Question

Convert the following grammar G over Σ = {a, b} into Chomsky normal form. Note that G already satisfies the conditions on the start symbol S, λ-rules, useless symbols, and chain rules. Show your steps clearly.

S → bT

T → aAA | AbAT

A → aT | bT | a

Answer 1

## If all the production rules of given grammar G satisfies any one of the following rules, then the given grammar is in Chomsky Normal Form.

Rule 1 - A non terminal generating a terminal. (Example A --> a)
Rule 2 - A non terminal generating two non terminals ( Example T--> AA)
Rule 3 - ε (epsilon) generated by start symbol S.

Note = There can be more than one Chomsky normal form for a given grammar.

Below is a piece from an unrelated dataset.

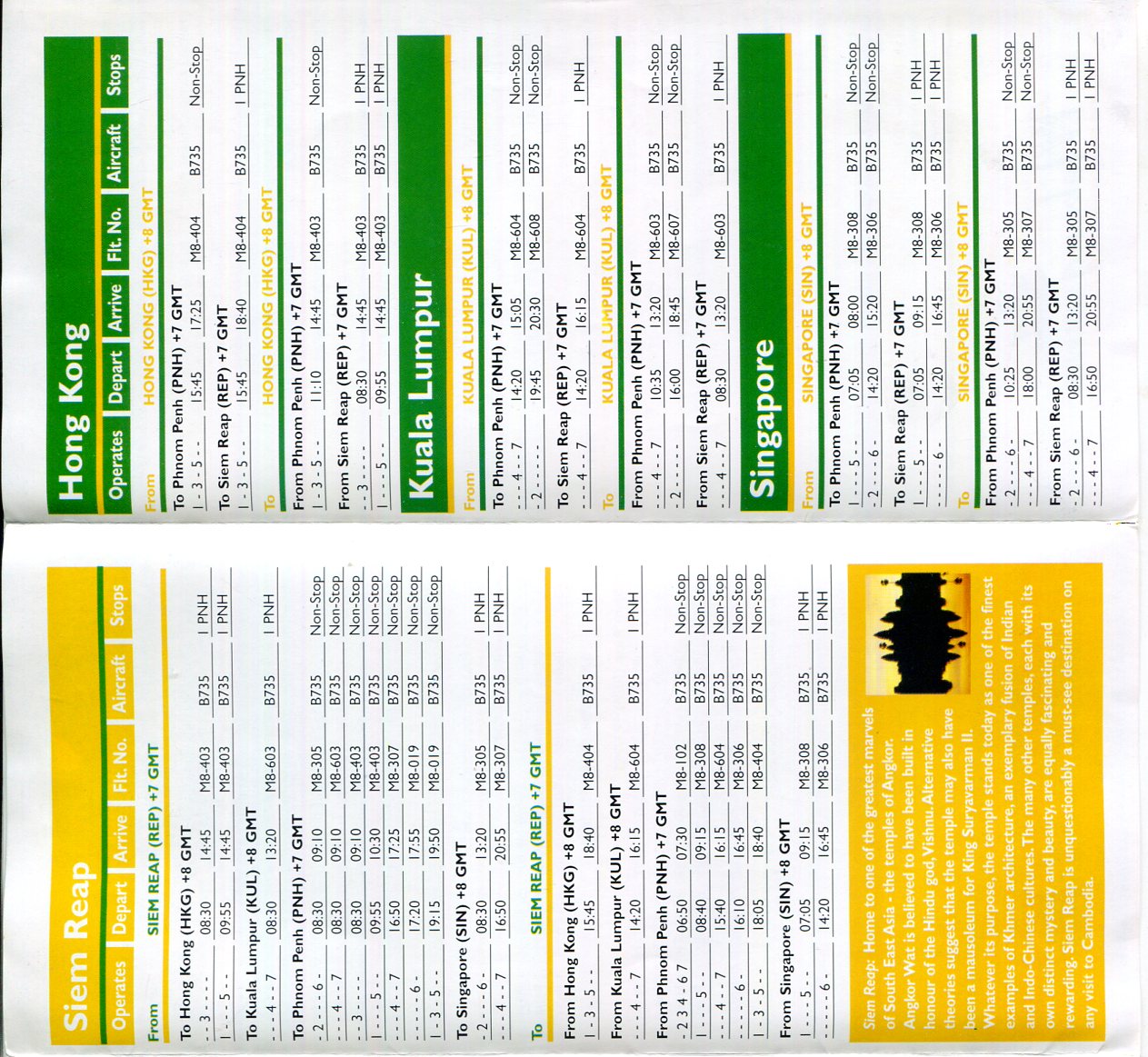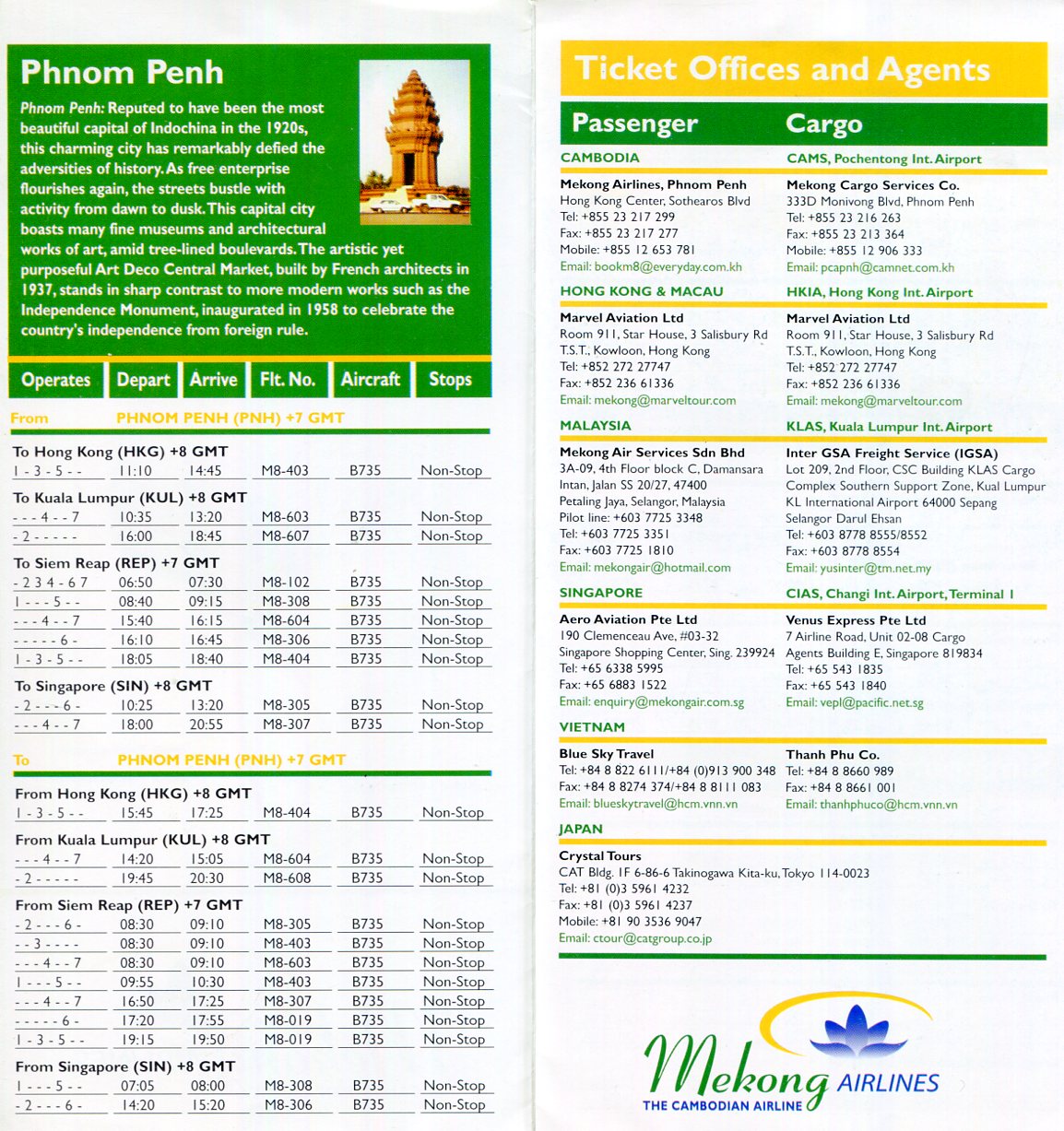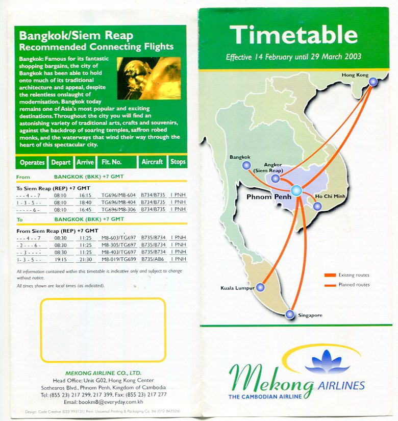 TAB17. | Mekong Airlines , A Very Scarce Mekong Airlines of Cambodia schedule dated February 14/March 29,2003, which the earlies known schedule(SAME DATE ON TIMETABLEIMAGES.COM). TT measures 4" x 8 3/8" with three panels. Founded in 1998 as Yana Airlines they changed the name to Mekong Airlines in 2002. Mekong Airlines leased a Boeing 737-500, which was put in service January 15,2003 and returned on October 16,2003, marking the end of Mekong's operations, used Schedule , Schedule | EX $20.00 |

The grammar G given in above question is ,

S → bT

T → aAA | AbAT

A → aT | bT | a

# Following are the steps to convert above grammar to CNF ( Chomsky Normal Form) ,

Step 1
= We have to eliminate start symbol S from RHS. Since there is no start symbol S on RHS, this step is excecuted successfully.

Step 2
= We have to eliminate NULL, unit and useless productions. SInce there are no such productions this step is executed successfully.

Step 3
= We have to eliminate terminals from RHS if they exist with other terminals or non-terminals. So,

S --> BT
T --> CAA | ABAT
A --> CT | BT | C
B --> b (NEW PRODUCTION ADDED)
C --> a (NEW PRODUCTION ADDED)

Step 4
= RHS with more than two non-terminals are removed. So,
S--> BT
T --> CD | EF
D --> AA (NEW PRODUCTION ADDED)
E --> AB (NEW PRODUCTION ADDED)
F --> AT   (NEW PRODUCTION ADDED)
A --> CT | BT | C
B --> b
C --> a

In the above generated grammar we see the is unit production formation ( A --> C , C --> a)
Let us remove (as mentioned in step 2) as following,
S--> BT
T --> CD | EF
D --> AA
E --> AB
F --> AT
A --> CT | BT | a
B --> b
C --> a

The above grammar seems to follow all the 3 rules described at the starting of this solution to form a Chomsky Normal Form. Hence it is our final answer.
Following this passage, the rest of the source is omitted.